I picked this bike up many years ago, before I was really into vintage bikes. It has been in my attic, while I've been buying, restoring, and selling many countless bikes since...
I knew this bike was old, and likely a Schwinn with the sweetheart sprocket.
Headbadge is an old Tydol gas station sticker, and I don't see remnants or screw holes for the original badge.
I finally got it down and took it apart, regreased all the bearings, and put it back together.
The tires that were on it were shredded, and I tossed them long ago. In trrying to figure out what size tires it needed, I measured the rims, and it turns out they are 26". I have a 26 x 1.75 on the front, and a 26 x 2.1215 on the back, just to get it rolling.
It is a fixed gear rear wheel. The sprocket has "AS 36" which I take to me Arnold Schwinn, 1936.
Leather seat was intact when I bought the bike, but wind caught it on the drive home, and ripped the nose off. I've ridden it like this, around the block, but want to figure out a different, period correct seat. bars are also just out of my parts bin, for now... I plan on wrapping them in leather, or friction tape to make them look more correct.

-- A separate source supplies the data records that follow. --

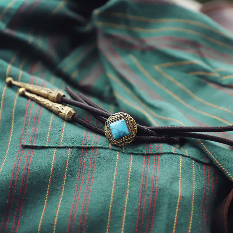The Turquoise Bolo Tie is beautiful and charming for using daily or perfect gift for any purposes. Each rope has one metal tip to prevent fraying. This unique design enhances the drape of the necktie and makes it more beautiful and fashionable.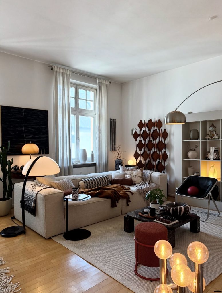 The living room abides by a midcentury modern aesthetic with lamps, graphic forms, and statement wall paintings. A combination of earth-tone hues along with layered textiles lends a vintage ambiance that feels collected personally. A neutrally upholstered sofa anchors it, with accents in dark wood and rust that create a black and brown cohesion. The playfulness of lamps as well as sculptural pieces lends a pop of color that sets it apart visually. It’s a cozy setup that works for both large living rooms and fashionable apartments.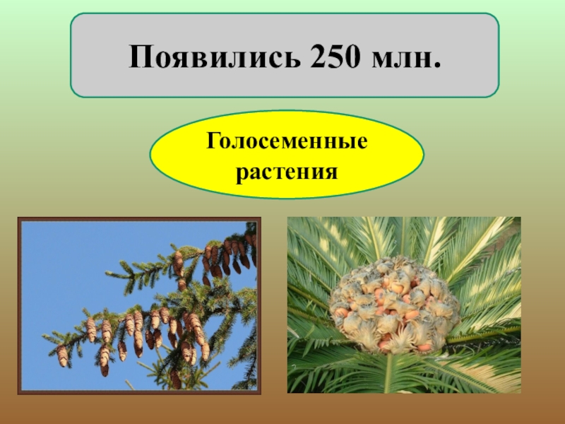 Слайд 41Голосеменные растения возникли около 345 млн. лет назад, когда климат на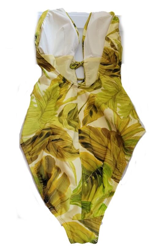 NWT Robin Piccone 4 Ana Open Back ONE-PIECE Yellow Leaf Swimsuit 110556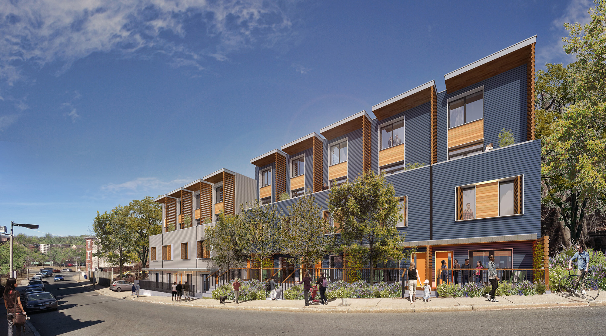 In response to a request for proposals from the Boston Department of Neighborhood Development’s E+ Green Building Program, Utile and New Atlantic Development proposed the development of energy-positive, mixed-income housing in the Roxbury area of Boston. Highland Yard consists of 18 units designed to exceed the highest standards for energy conservation. The siting and design of the building at once takes advantage of the south facing slope for solar orientation as well as the opportunity to fill-in a large missing tooth in the residential fabric of Highland Street. The neighborhood consists of single, two-family, and smaller townhouses along with multifamily homes, and accordingly Highland Yard’s multiple single entries on the street and rowhouse rhythm retain that character. Like a traditional townhouse, all units have front and rear exposures that not only enhance the sense of “home” ownership, but also enable natural cross-ventilation and greater access to daylight and passive solar benefits.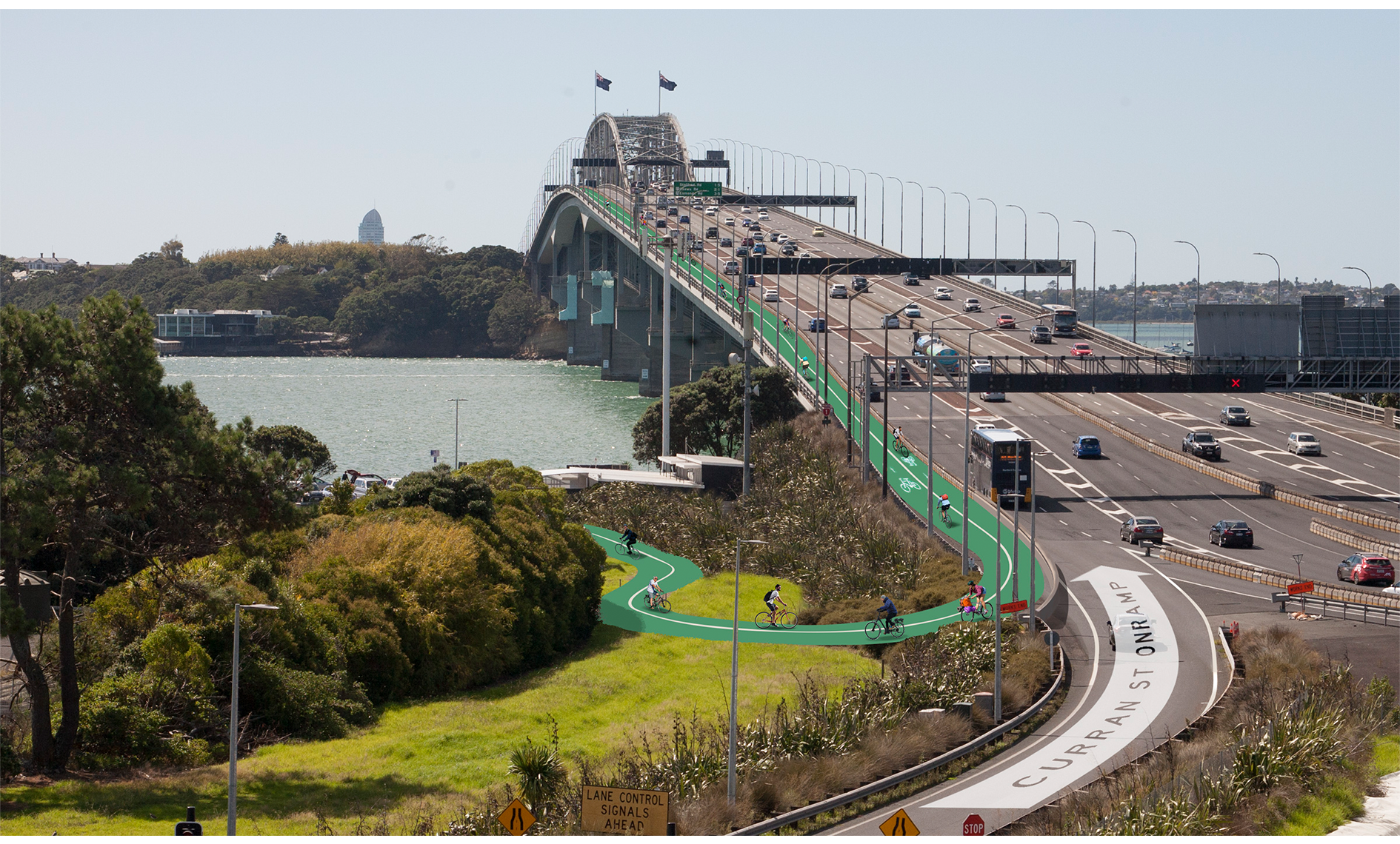 Above: The proposed, and no-longer viable, pathway across the Auckland Harbour Bridge (source: Waka Kotahi NZ Transport Agency, 2019)

So... If it isn't a Schwinn, I apologize, but can anyone else tell me anything about this bike?


----------



## Oilit (Aug 14, 2019)

In your second to last picture, it looks like there are a couple of badge screw holes, one at the top of the (second) "I" and the other just below and between the lower legs of the "A", to the left. But I don't know what bike this is either. You might want to put this in the "Antique Bicycles Pre-1933" forum.


----------



## indiana dave (Aug 15, 2019)

Yep. You're right. Were all Schwinn badges the same hole spacing? I wonder...


----------



## redline1968 (Aug 16, 2019)

Colson.is my thought...  I had a early schwinn ....the rear upper stays are different as is the spacing of the fork/frame...


----------